Deux ans après l'adoption de la loi portant diverses dispositions d'adaptation au droit de l'Union européenne (Ddadue) en matière économique et financière, la commission des affaires économiques se voit déléguer par la commission des affaires sociales l'examen au fond de deux articles d'un nouveau projet de loi Ddadue dans les domaines de l'économie, de la santé, du travail, des transports et de l'agriculture.
Les articles 30 et 31 sur lesquels nous sommes saisis portent sur l'agriculture et sont plutôt techniques. Aussi, si un désaccord devait émerger entre l'Assemblée nationale et le Sénat, ils n'en seraient probablement pas la cause. Je vous proposerai de les adopter mais, au préalable, je souhaiterais formuler quelques observations critiques et je vous présenterai quatre amendements.
D'abord, l'article 30 clarifie le cadre juridique applicable aux régions et à FranceAgriMer, autorités de gestion respectives des aides à l'installation des jeunes agriculteurs et des interventions de marché de la politique agricole commune (PAC).

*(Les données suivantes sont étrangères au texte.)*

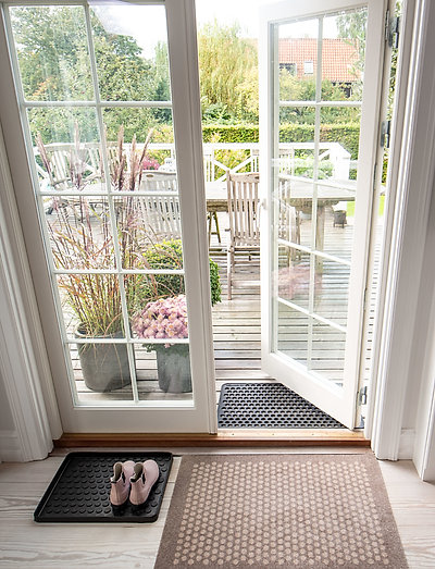 Do you want a smart, elegant yet practical hallway? these foot mats make a good choice. the mats are available in unicolor and different color combinations and three graphic patterns that fit our range of boot trays and door mats. the dense filth in 100 % polyamide is soft and durable and absorbs moisture and dirt. the back is made of rubber, to make the mat stable on the floor and avoid sliding. the mats are very durable and easy to clean.
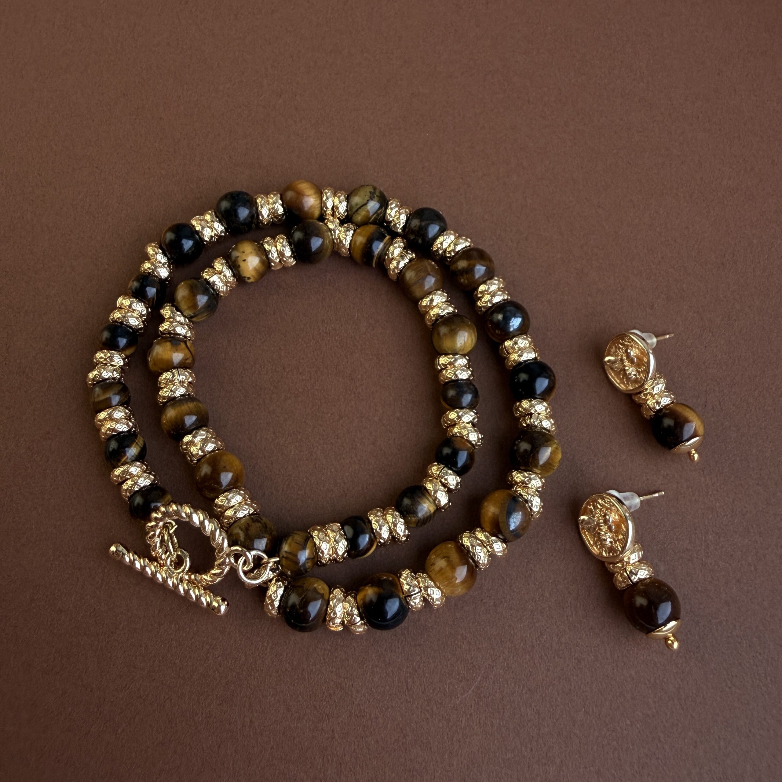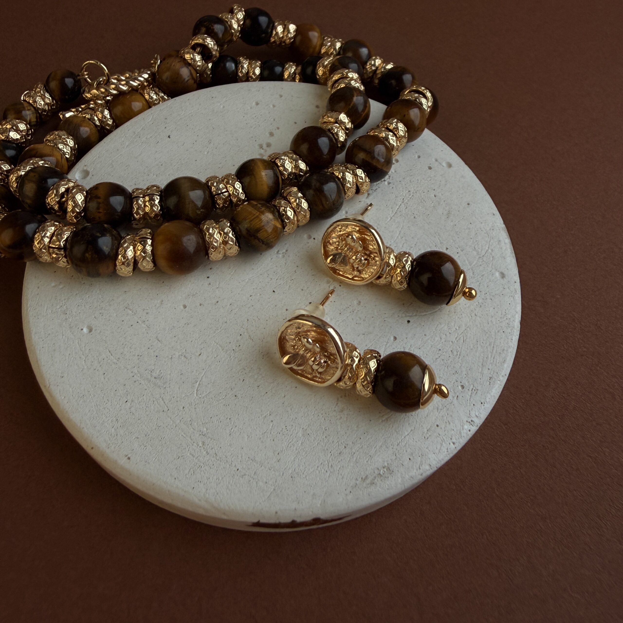 Тёплое сияние тигрового глаза притягивает взгляд своей глубиной и мягкими переливами, а декоративный элемент в форме пчёлки символизирует трудолюбие, изящество и внутреннюю силу.
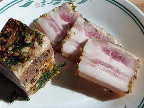 Свиное сало должно быть с обильными мясными прожилками, обычно на порцию беру кусок сала (можно грудинку - получится деликатес, как из магазина.

Dans le cas de FranceAgriMer, il s'agit de donner une base légale à la compétence réglementaire de son directeur général en matière de dépenses d'intervention de marché. Celles-ci correspondent aux aides du Fonds européen agricole de garantie (Feaga) à destination de certaines filières - fruits et légumes, produits de l'apiculture, vin et huile d'olive -, pour un montant annuel approximatif de 420 millions d'euros. Il semble que ce pouvoir réglementaire soit déjà implicitement reconnu, une récente décision du Conseil d'État venant de le confirmer.
En ce qui concerne les aides à l'installation, dans le cadre de la nouvelle programmation de la PAC pour 2023-2027, une ordonnance du début de l'année transfère les mesures non surfaciques du Fonds européen agricole pour le développement rural (Feader) aux régions. En France, les régions qui l'ont demandé ou qui vont le demander - c'est-à-dire toutes ou presque - deviendront ainsi autorités de gestion des aides à l'installation. La Normandie, les Pays de la Loire, la Bretagne et la Nouvelle-Aquitaine ont déjà voté des délibérations allant dans ce sens et les autres suivront d'ici fin janvier.

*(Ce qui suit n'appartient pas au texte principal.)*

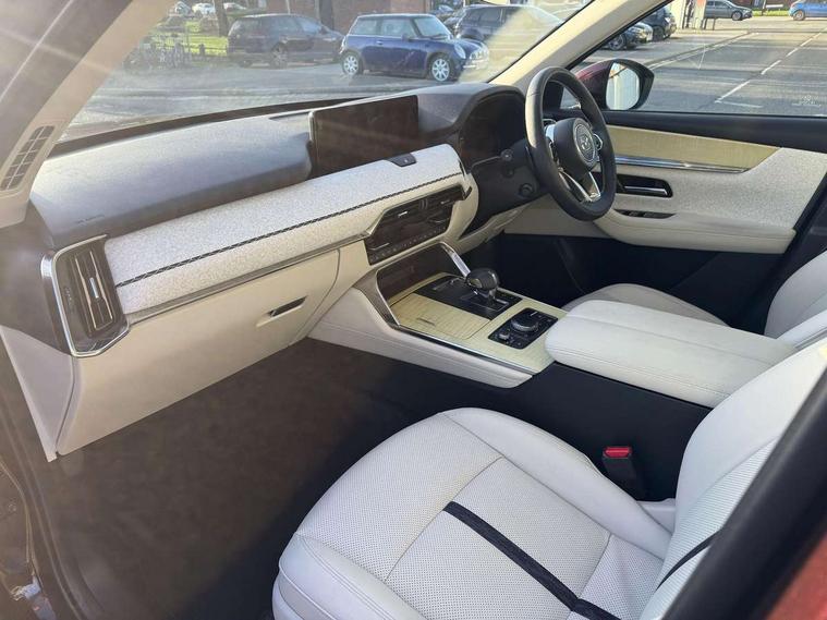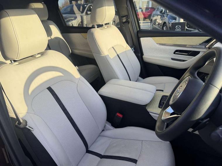 Low washer fluid warning light, 12.3" Colour entertainment centre display with mazda connect infotainment, 12.3" TFT Colour display, Adjustable speed limiter, Blind spot assist, Blind spot monitoring with rear cross traffic alert, Distance alert system, Driver attention alert system, Driver Monitoring with personal identification, E-call with GPS, Emergency lane keeping with blind spot assist, Emergency stop signalling system, Exit warning function, Front and rear parking sensors, Ingress / Egress support and automatic driver position guide, Integrated bluetooth, Intelligent speed assist, Kinematic posture control, Lane keep assist system (LAS) with Lane departure warning system (LDWS), Mazda Driver Personalisation System, Mazda Navigation System with european mapping, Multimedia Commander, PAS, Power lift gate with handsfree function, Power start/stop button, Speed alert, Traffic sign recognition enhanced with mandated excessive speed warning, Trip computer, Windscreen projected colour active driving display, Wireless apple car play/android Auto, Type 2 Mode 2 cable for AC charging via UK 3-pin plug, 7.2 kw On board Charger, Internal Combustion Engine Sound Emulator, Mi-Drive (Normal, Sport, Off-road, Towing and EV mode), Paddle shift, Type 2 Mode 3 cable for AC charging via home or public charge points, AM/FM and DAB radio, Bose surround sound system with 12 Speaker, Bose center point, Bass match and audio pilot technology, Steering wheel mounted audio/bluetooth controls, USB-C inputs (x2 front and x2 rear), Auto dimming driver's door mirror, Automatic headlight levelling, B-pillar and C-pillar garnishes in piano black finish, Body colour roof spoiler, Body coloured bumpers, Body coloured door mirrors, Body coloured wheel arch and side mouldings, Chrome finish signature wing in front grille, Chrome front side garish, Chrome side window surrounds, Coming/leaving home lighting function, Dark plated headlight lense, Dusk sensing headlights, Electric front/rear windows with one touch auto up/down, Electric panoramic sunroof, Frameless auto dimming interior rear view mirror, Front kodo turn signal, Front wiper de-icer, Headlight washers, High beam control, LED 3rd brake light, LED rear signature combination lamps, Piano black bar style front grille, Rain sensing front wipers with adjustable sensitivity and speed, Rear side wing doors, Rear wiper, Signature LED daytime running lights, Silver decoration panel, 12v power outlet - front, 12V socket in boot, 2 Heated captains chairs in 2nd row, 2 seat bench in 3rd row, 3 height adjustable rear headrests, 3 seat bench featuring folding centre armrest equipped with two cup holders 2nd row, 50/50 split folding 3rd row rear seats, 60/40 split folding 2nd row rear seats, Ambient lighting, Cargo net, Door panel trim - Cordovan-like Vinyl leather with matt black hairline film inlay, Driver and front passenger two rear grab handles with rear coat hooks, Driver and front passenger visors with covered vanity mirror and driver ticket holder, Driver seat electric tilt, slide, recline, height and lumbar adjustment, Driver, front passenger and two rear door pockets, Driver/passenger front seatback pockets, Electric telescopic and tilt adjustment steering wheel, Front centre storage with illumination and two cupholders, Front down lamp with front and rear foot lamps, Front headrests, Front passengers seat electric slide, recline, height and lumbar adjustment, Front seat ventilation with 3-stage setting, Glovebox illumination, Grey roof lining, Heated front seats with 3 stage setting, Heated leather wrapped steering wheel, Heated outer rear seats with 3-stage setting, ISOFIX child seat anchorage points attached on outer rear seats, Leather wrapped gear shift knob, LED illumination luggage compartment, Nappa leather upholstery, Practical and spacious front centre armrest storage, Rear seat recline function for rear passenger comfort, Remote fold down rear seats, Remote pre-heating/cooling, Roof mounted sunglasses holder, Single front passenger seat, Three zone climate control air conditioning with rear air vents for 2nd and 3rd row, White woven fabric dashboard with KAKENUI detailed stitching and genuine maple wood accents, Convenience and Driver Assistance Pack - CX-80 PHEV, 3 point ELR front seat belts x2 with pretensioners, 3 point ELR rear seat belts, Active bonnet, Anti-lock braking system (ABS), Drivers knee airbag, DSC - Dynamic Stability Control, Electronic parking brake with auto disengage function and auto hold function, Front and rear curtain airbags, Front dual stage driver and single stage front passenger airbags, Front passenger airbag cut-off switch, Front side airbags, Front smart city brake support, Hill decent control, Hill launch assist, Manual rear child locks, Seatbelt reminder for driver/front passenger and rear seats, Traction control, Tyre pressure monitoring system (TPMS), Remote central locking with deadlocking and automatic door lock when driving, Smart keyless entry, Thatcham accredited alarm and immobiliser, Dashboard panel - Cordovan-like vinyl leather, White maple wood centre console panel, 20" Black metallic mechined alloy wheels, Emergency tyre repair kit,
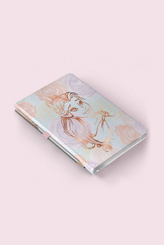 Cuaderno de tapa dura con 200 páginas. Lápiz incluido. Detalle en los bordes de la hoja en oro.
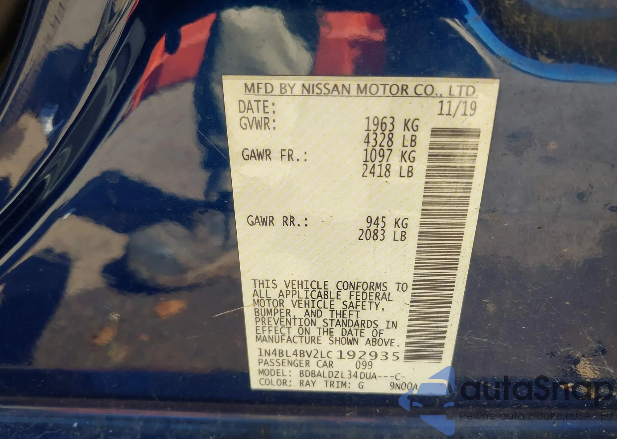 • VIN 1N4BL4BV2LC192935
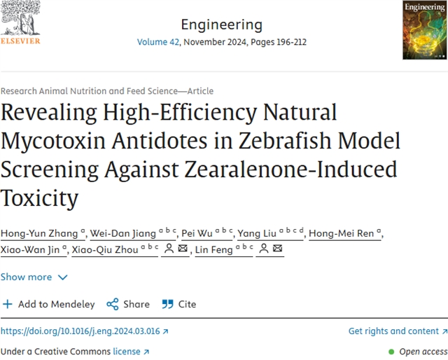 | 四川农业大学团队基于斑马鱼模型发现高效天然霉菌毒素解毒剂 Engineering |

Cependant, l'article L. 330-1 du code rural et de la pêche maritime faisait encore référence au cadre en vigueur lors de la période précédente, lorsque prévalait une mise en oeuvre conjointe par le préfet et le président de région. L'article 30 du projet de loi vise à corriger cette incohérence.
Cette mise en cohérence est positive et je salue le principe de cette réforme, qui rend sans équivoque la possibilité de décentralisation. En effet, dans une logique de subsidiarité, les régions sont les mieux placées pour connaître les spécificités de leur territoire et en définir les priorités.

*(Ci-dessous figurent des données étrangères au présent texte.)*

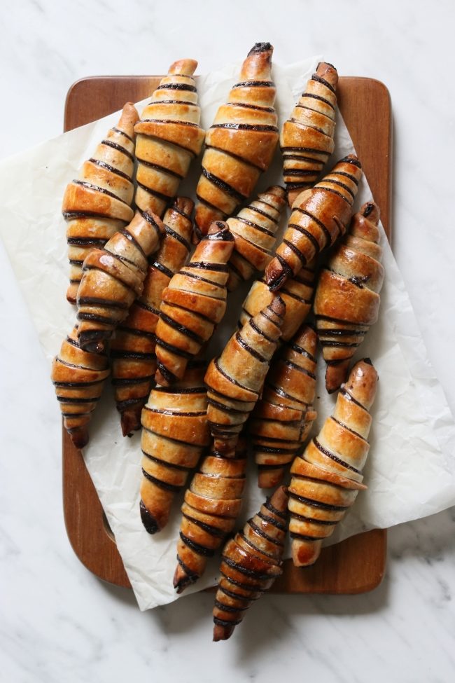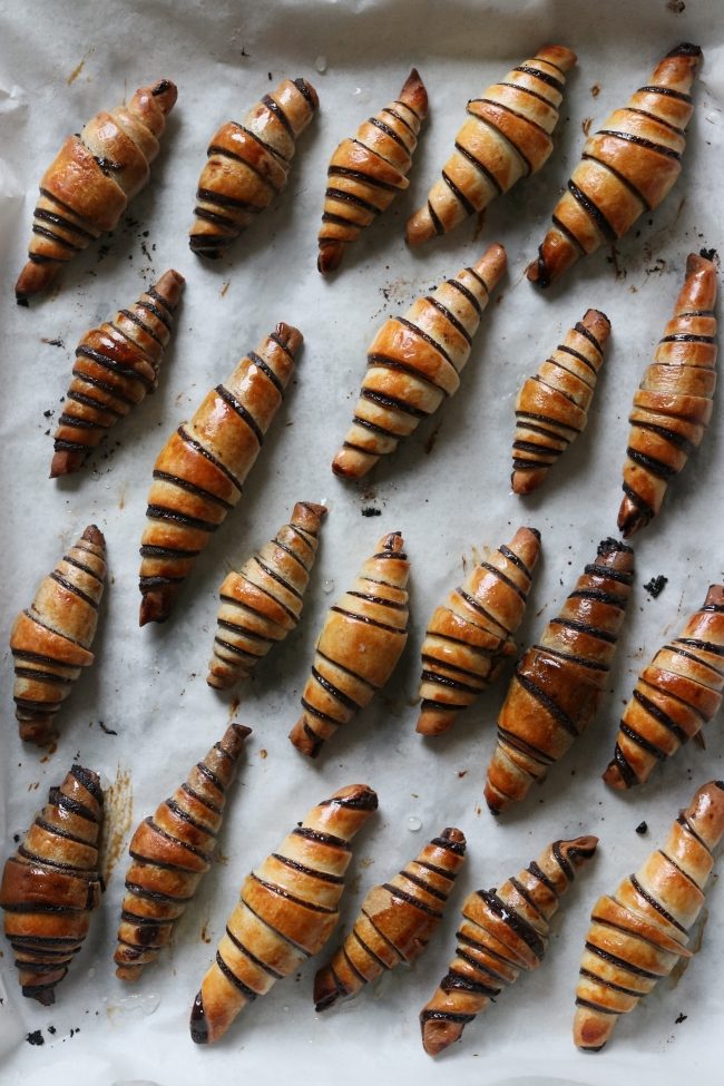 - Taban uzunluğu 5-8 cm olacak şekilde üçgenler keserek kruvasan şeklinde rulo yapabilirsiniz.

Cependant, j'identifie trois effets de bord potentiels à cette réforme. D'abord, les exploitants agricoles et les primo-installés risquent d'être confrontés à un manque de lisibilité des aides d'une région à l'autre. Ensuite, les disparités entre régions risquent de s'accroître, ce que redoutent les jeunes agriculteurs. En effet, dans le cas d'aides nationales et européennes confiées aux régions ou dans celui de dispositifs régionaux à proprement parler, les priorités politiques ne sont pas les mêmes. Enfin, une saine concurrence entre collectivités risque de manquer. Il s'agit donc de favoriser la transparence et de faciliter les comparaisons des choix effectués par chaque région, afin de permettre aux régions d'imiter ce qui fonctionne et de gagner en efficacité.
Dans cet esprit, je proposerai un amendement prévoyant que les régions produiront un bilan annuel de la politique de transmission et d'installation, incluant un rappel des règles mises en place et un suivi des aides versées. Ces bilans seront ensuite consolidés par l'État à l'échelle nationale. En effet, cette politique est de première importance pour l'agriculture française et il n'est pas envisageable que l'État ne garde pas un oeil dessus.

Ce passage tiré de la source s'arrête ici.